L’utilisation de cette technique à grande échelle dans des usines de préfabrication reste mitigée. D’une part, Hassani et al. (2004) assurent que cette possibilité est parfaitement envisageable. D’autre part Reinhardt et al.(2001) rappellent que pour simplement radiographier (sans

reconstruction 3D) une poutre à échelle réelle, plus de 2 heures sont parfois nécessaires et des distances de sécurité pouvant avoisiner les 50 mètres sont à prévoir.

Comme le rappelle Mitchell, pour tout appareil contenant une source de matière radioactive, une licence de détention et d’utilisation délivrée par les autorités gouvernementales est obligatoire. Cette licence permet de garantir qu’aucun membre du personnel ne sera exposé de façon inappropriée à des radiations, et qu’un programme de prévention a été mis en place.

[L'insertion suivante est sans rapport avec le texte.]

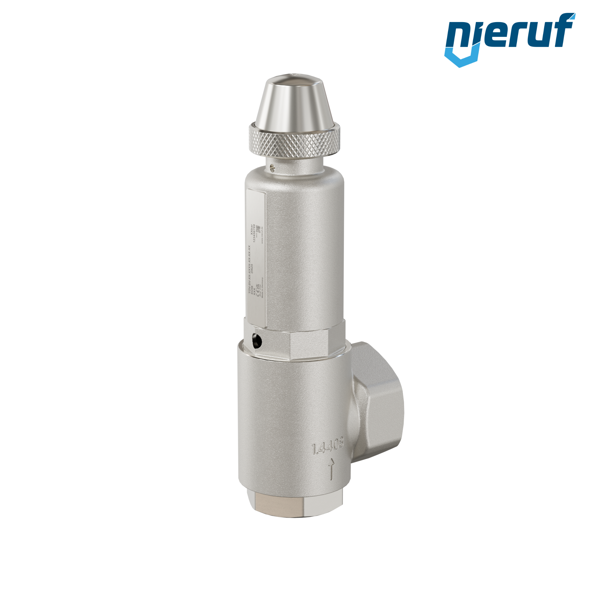 valvola di sicurezza ad angolo per fluidi liquidi 1" x 1 1/2" F con manicotto di tenuta acciaio inox modello SV06 con filettatura interna BSP-P EPDM-guarnizione e meccanismo di sollevamento rotazionale

Ce programme de prévention doit inclure une liste des responsables et des utilisateurs du système ainsi que les formations qu’ils ont suivies, la description des sources radioactives utilisées et des locaux accueillants ces dernières. En effet, il est très important de contrôler l’exposition du personnel aux radiations, car elles sont très nocives pour la santé. À titre indicatif, au Canada la réglementation fixe la dose maximale admissible par personne de radiation ionisante à 50 mSv par an jusqu’à occurrence de 100 mSv tous les 5 ans.

La tomographie par rayons X apparait comme une méthode possédant un fort potentiel. Une fois les algorithmes de détection des fibres opérationnels et optimisés, cette méthode sera complète, car elle permettra aussi bien de repérer des zones de ségrégation, de déterminer la distribution des fibres, de repérer les défauts dans la matrice, et de calculer l’orientation de chacune de fibres. Cependant, elle se heurte à son caractère dangereux qui peut effrayer bon nombre d’industriel et de membre du personnel. L’acquisition du matériel, la création de lieu dédié, la formation du personnel sont des investissements financiers conséquents et nécessaires, mais qui peuvent à long terme apporter un véritable avantage pour le contrôle qualité et le développement de méthode de coulée.